* Your assignment
Nothing should appear in the answer except the lines from the one with "Čtyřpólový skupinový přepínač" through the end of the listing below, transcribed exactly and without pictures.
Material provided section start
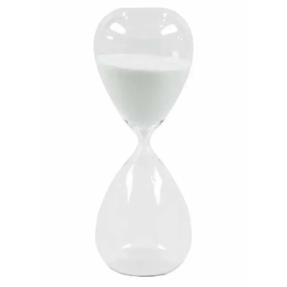 Decoratie zandloper wit zand 20 cm. Glazen zandloper met wit zand.
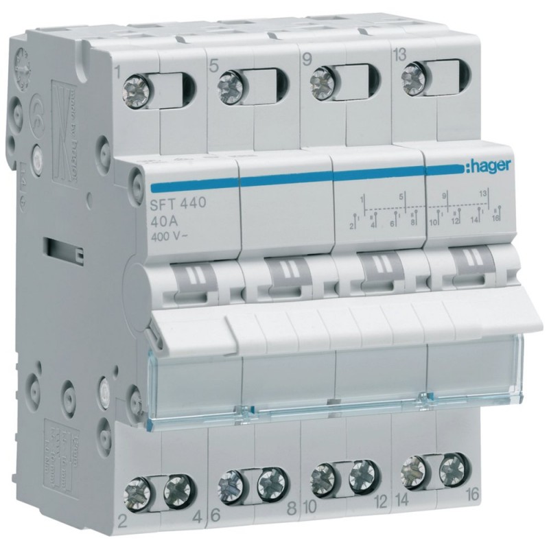 Čtyřpólový skupinový přepínač Hager SFT440 se jmenovitým proudem 40 A pro přepínání mezi dvěma napájecími zdroji.
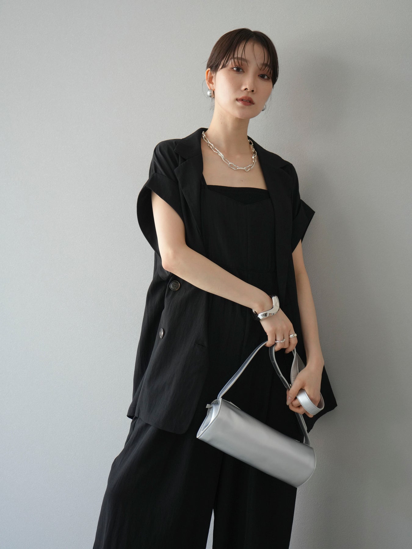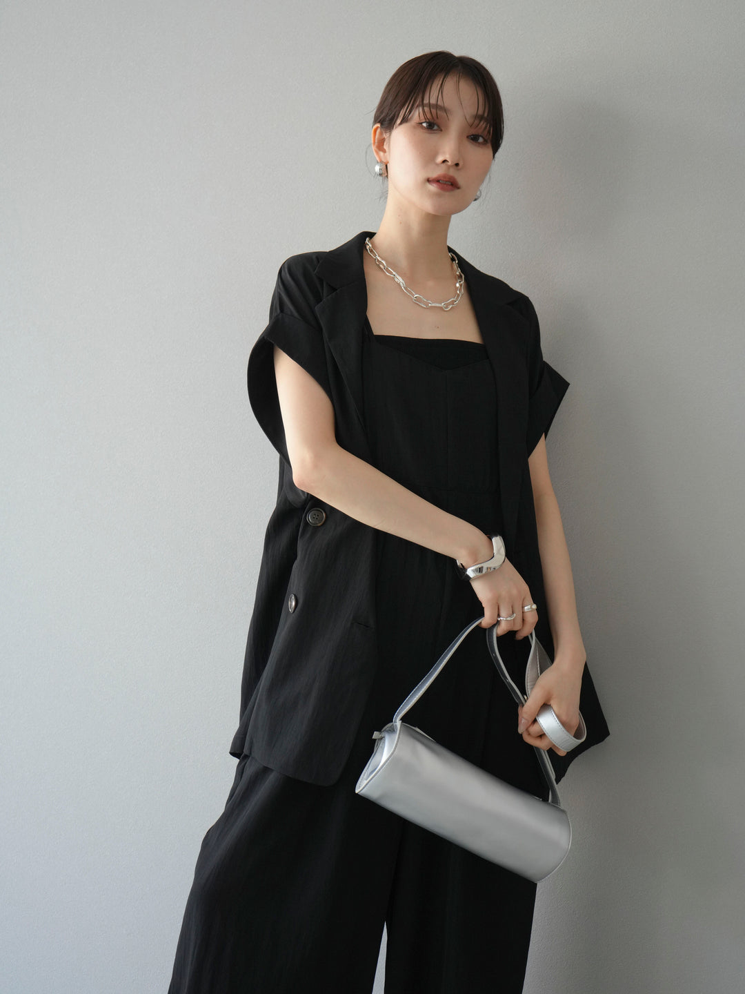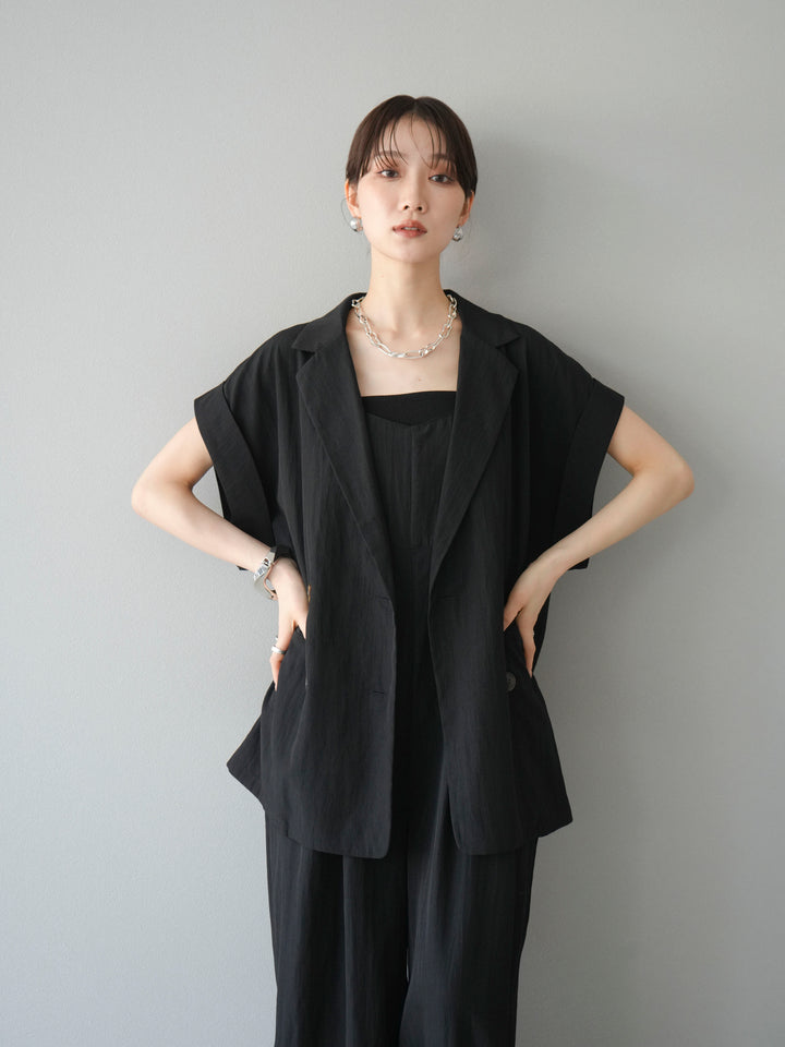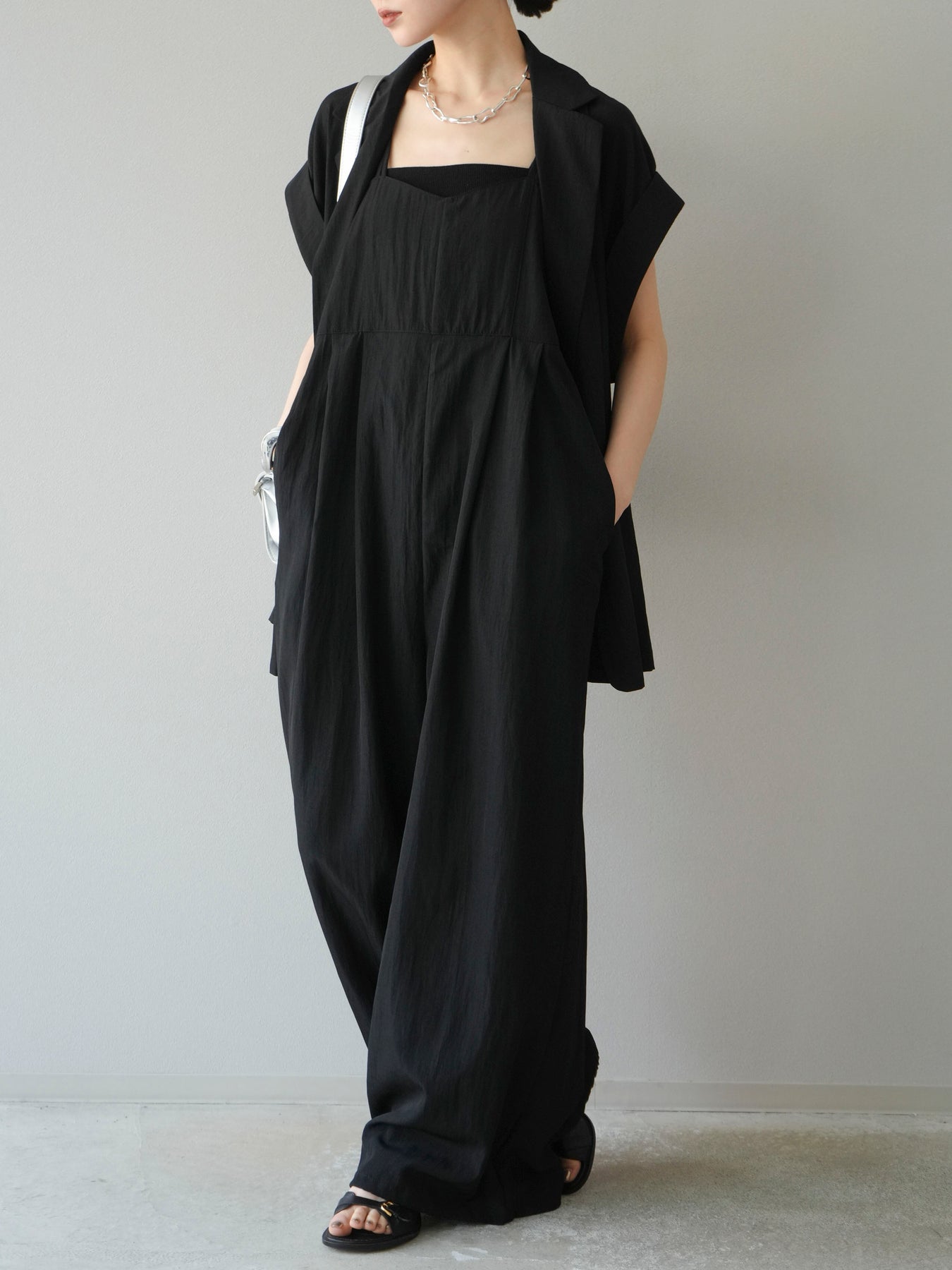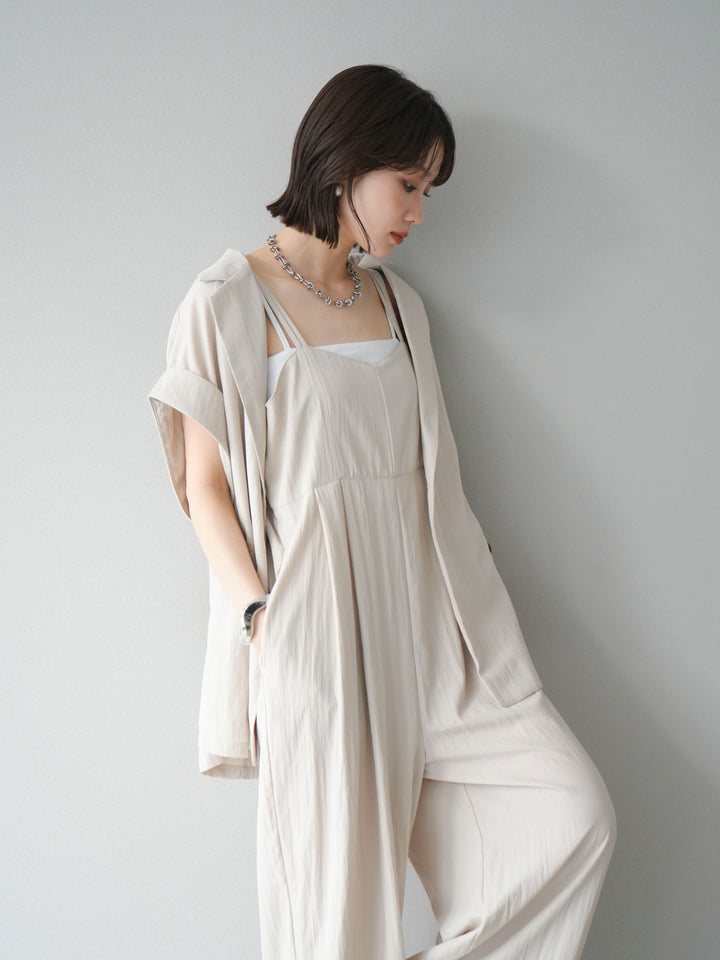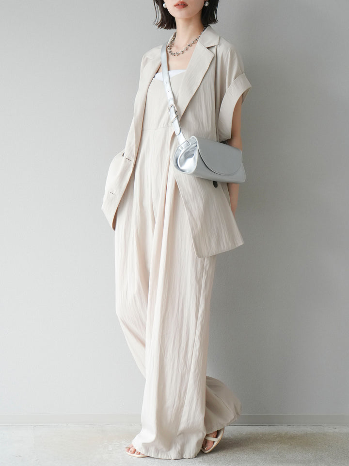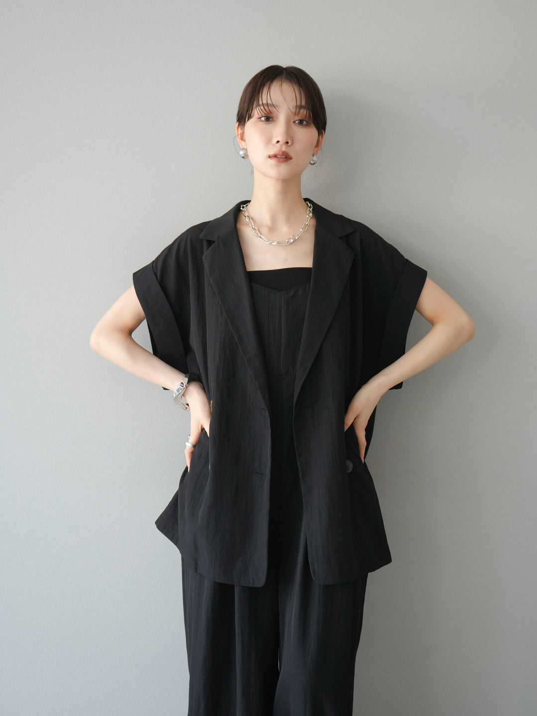 [SET]リネンライクビスチェデザインサロペット+リネンライクノースリーブダブルジレ(2set)
Material provided section end
* Expected answer
 Čtyřpólový skupinový přepínač Hager SFT440 se jmenovitým proudem 40 A pro přepínání mezi dvěma napájecími zdroji.
 [SET]リネンライクビスチェデザインサロペット+リネンライクノースリーブダブルジレ(2set)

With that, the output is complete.